If your SO is spending a lot of time on Facebook chatting to friends about how much you suck, or chatting to a person of the opposite sex about how horny they are, I'd say your relationship problems are pre-existing, and if it wasn't Facebook it would be a bar, or the phone, or good old-fashioned letters.
The only development here is that Facebook stores all the evidence.
A question to my esteemed fellow commentards
I'm a bit in two minds about this sort of thing. Shouldn't it be a better idea to whip up a limited "all read access, no write access" account for this sort of thing, or perhaps parole orders and such? Or perhaps a way to snapshot the entire account and hand that over minus the write access?
This is easily doable in principle; whether facebook can do it is something else entirely. But my question here is, is this a good idea? Should there be a way for the account owner to shut the shoulder surfing account out again?

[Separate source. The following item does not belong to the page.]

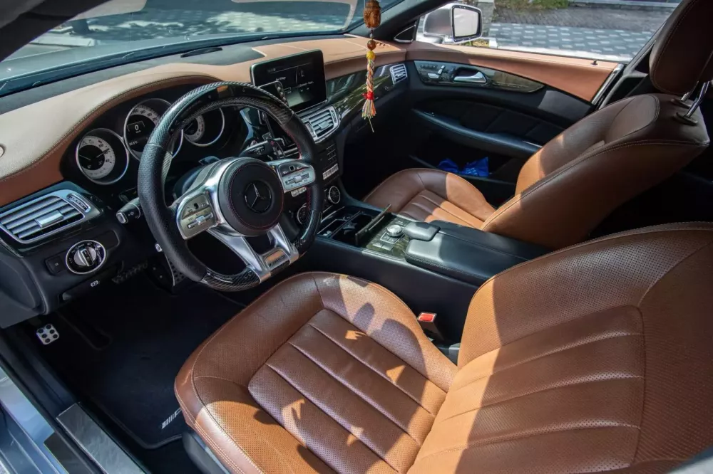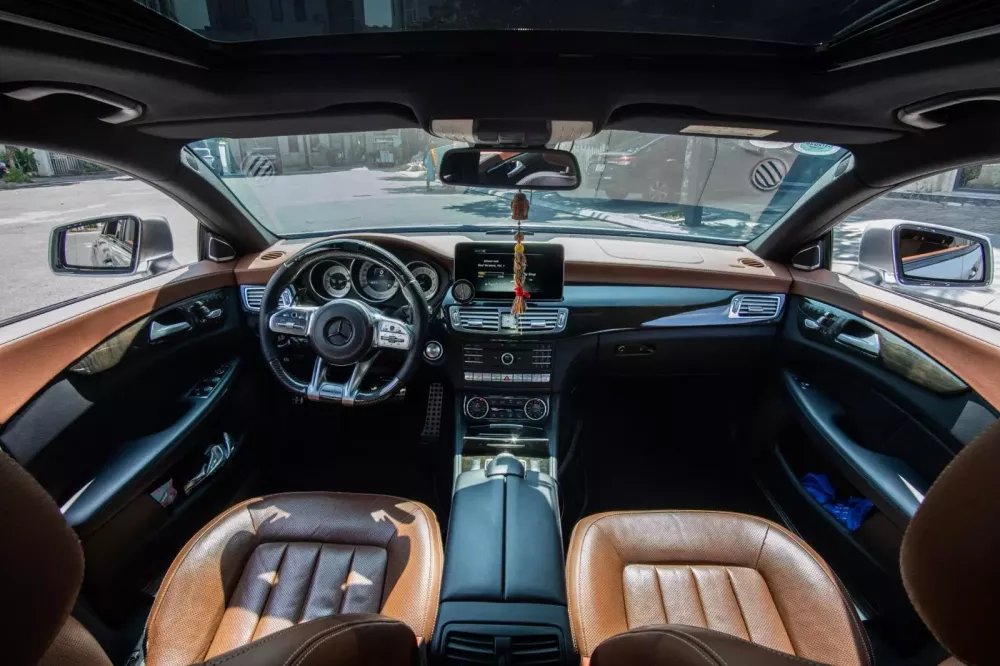 Các trang bị tiện nghi có trong khoang lái xe bao gồm màn hình trung tâm kích thước lớn, có đầy đủ kết nối USB, AUX, Bluetooth. Hệ thống âm thanh trên Mercedes-Benz CLS 500 đến từ Bang & Olufsen với 14 loa có công suất 1.400 watt, nhưng chiếc xe trong bài sử dụng hệ thống âm thanh của Harman Kardon. LED viền 64 màu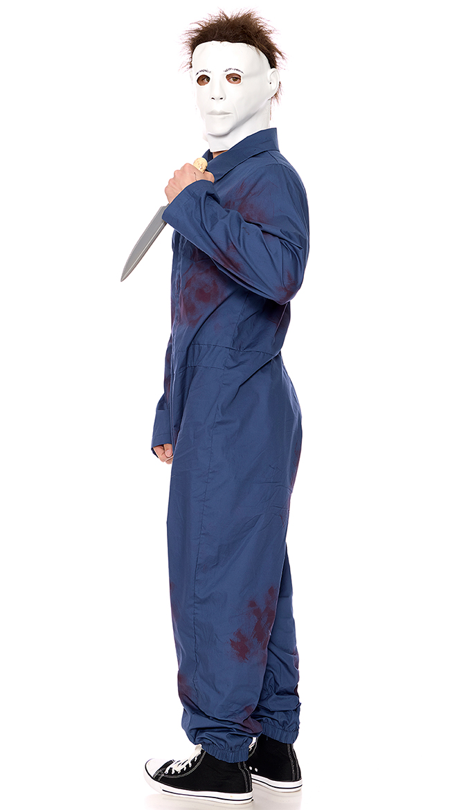 • Jumpsuit: 100% Cotton, Prop Knife: 100% Plastic, Rubber Mask: 100% Latex

Maybe a "who's looking" indicator?
Or is this just more proof that facebook is evil incarnate? Discuss.
owns neither an email address nor a computer
I find that quite an impressive feat actually.
Jealous of someone with so much sense and perspicacity. He must have so much more time for useful things and be far less stressed than most of us. All those I know with his approach seem still to have got a life, unlike the sad rest of us.
Once one has made the error of even starting with email etc., one is doomed.
conducts his business over BBM.
Facebook is evil.
Really really stupid
So he's told them both not to post messages claiming to be the other, and thinks that makes it OK?
They don't just get access to the partner's data, they also get full access to the personal and private data of other people who are friends of the partner and have given them access.
What crime have those friends committed, that their private information should be handed out to another person? What happens if that information release actively damages them - will the judge compensate them?